"In the go-go years of the U.S. housing boom, virtually anybody could get a few hundred thousand dollars to buy a home, and private lenders flooded the market, aggressively pursuing borrowers no matter their means or financial history.
Now the pendulum has swung to the other extreme. Only one lender of consequence remains: the federal government, which undertook one of its earliest and most dramatic rescues of the financial crisis by seizing control a year ago of the two largest mortgage finance companies in the world, Fannie Mae and Freddie Mac.
While this made it possible for many borrowers to keep getting loans and helped protect the housing market from further damage, the government's newly dominant role -- nearly 90 percent of all new home loans are funded or guaranteed by taxpayers -- has far-reaching consequences for prospective home buyers and taxpayers.
The government has the power to decide who is qualified for a loan and who is not. As a result, many borrowers among both poor and rich are frozen out of the market.
Government officials generally agree that it would be better for private lenders to resume their traditional role as major providers of finance for home loans. But policymakers now face some tough choices. They must decide how to reduce support for the mortgage market without letting it collapse. And they must decide what kind of support the government should provide in the long run. "
4 comments:
Government intervention introducing systematic overhaul measures to reduce foreclosures can also help recover the situation. With the current situation, stringent lending practises and the weak economic situation is continuing the drain the buyers from affording to buy their own homes. Hence, the housing condition is at a risk where quick fix may not be easily expected.

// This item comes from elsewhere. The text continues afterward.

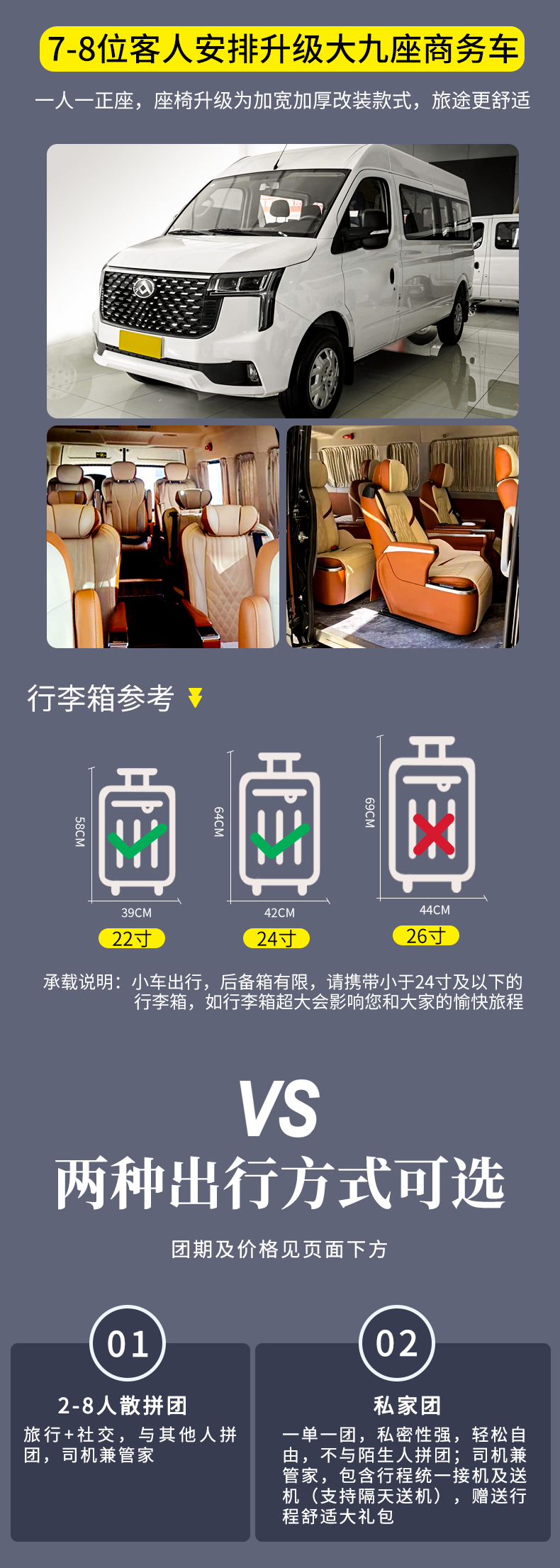 3、用车:2-3客人用5座SUV,4-5客人用7座商务车,6客人用9座商务车,7-8客人用大九座商务车,根据人数安排用车大小,不指定用车(小团副驾驶及前后座位置需要轮流乘坐,望悉知)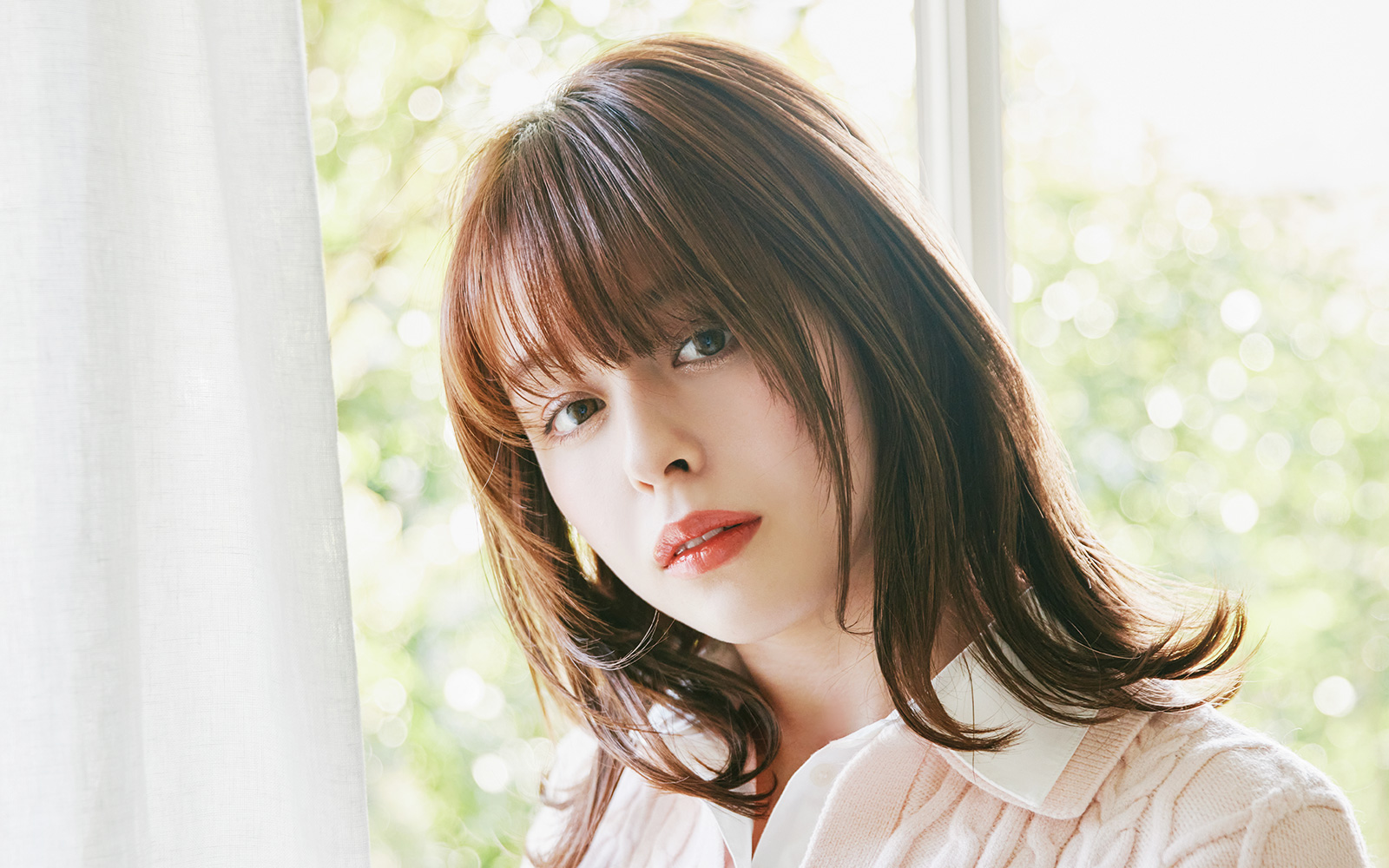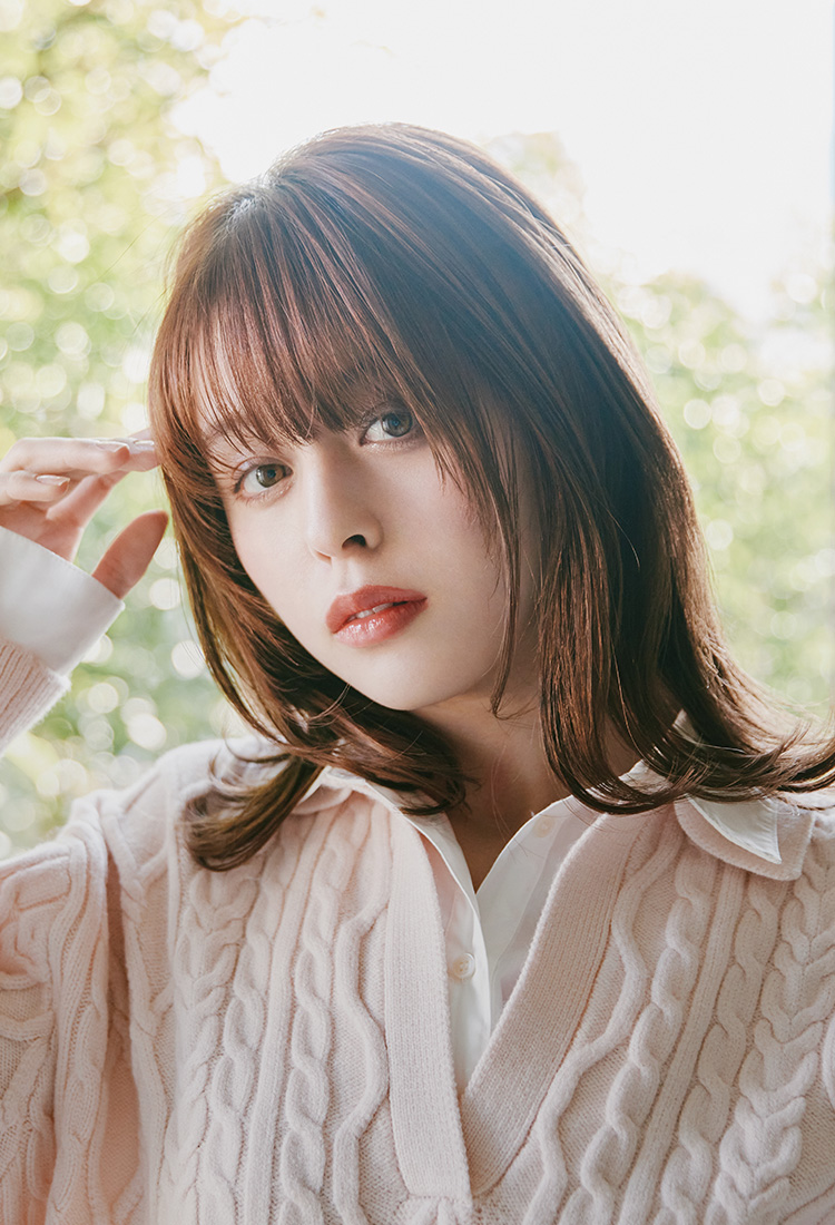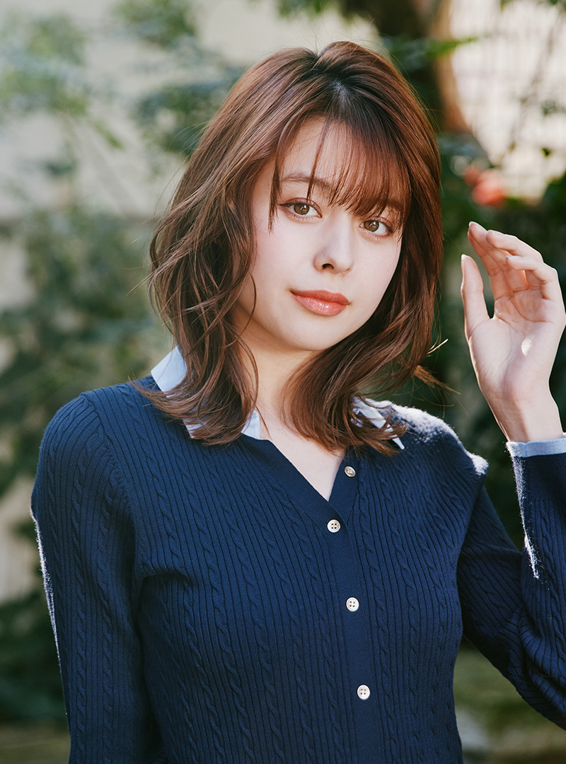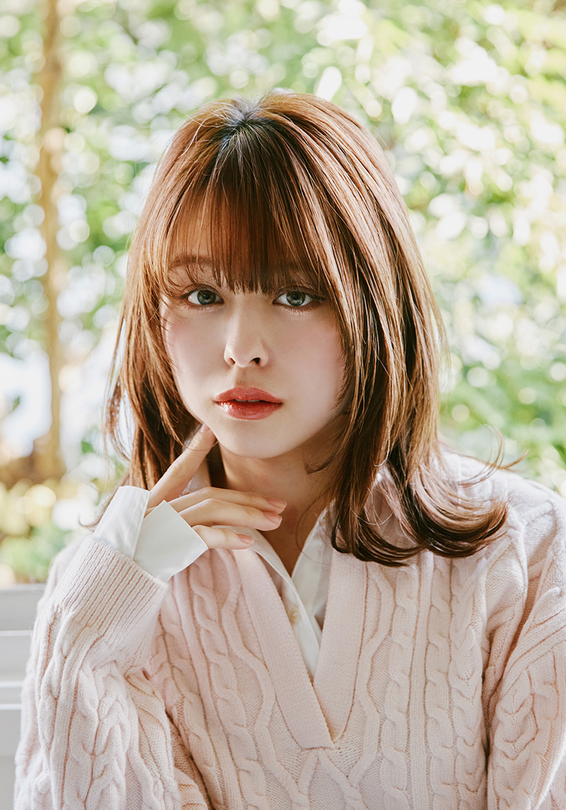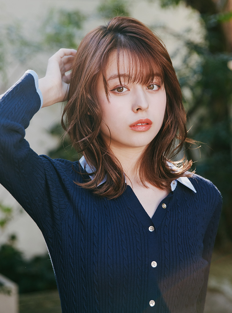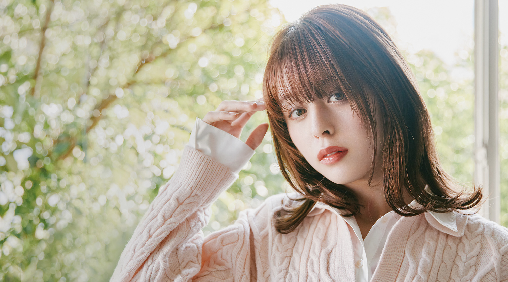 前髪と全体をランダム巻き。バームとオイルでシルエットを整え、前髪はスプレーで立ち上げる。全体的にふわっと仕上げることでこなれた印象のスタイルに。

Government intervention also created “affordable,” but dangerous, lending policies that encouraged lower down payments, looser underwriting standards and higher leverage. In the short run, this government intervention was successful in its stated goal – raising the national home ownership rate. However, the ultimate effect was to create a mortgage tsunami that wrought devastation on the American people and economy. While government intervention was not the sole cause of the financial crisis, its role was significant and has received too little attention.
http://www3.signonsandiego.com/stories/2009/aug/06/lz1e6issa22228-government-interventions-high-cost/
Government regulation of the mortgage industry is a topic of great interest on industry discussion boards across the internet. Should the Goverment get involved or shouldn't they, this is the basis for the debate. I really doubt it.
There are basically two camps, those who believe the government should provide more regulation and oversight of the mortgage industry and those who think the market should remain free of government intervention and should be left to figure things out for itself. For what my opinion is worth, not much according to last years tax returns, this debate is a little late. The simple fact of the matter is that the government is already intimately involved in the regulation of almost every aspect of our lifes including the mortgage industry and we need to refocus the debate to how to provide the most efficient and effective regulation of the mortgage industry instead of whethere we should or shouldn't have any regulation in the first place.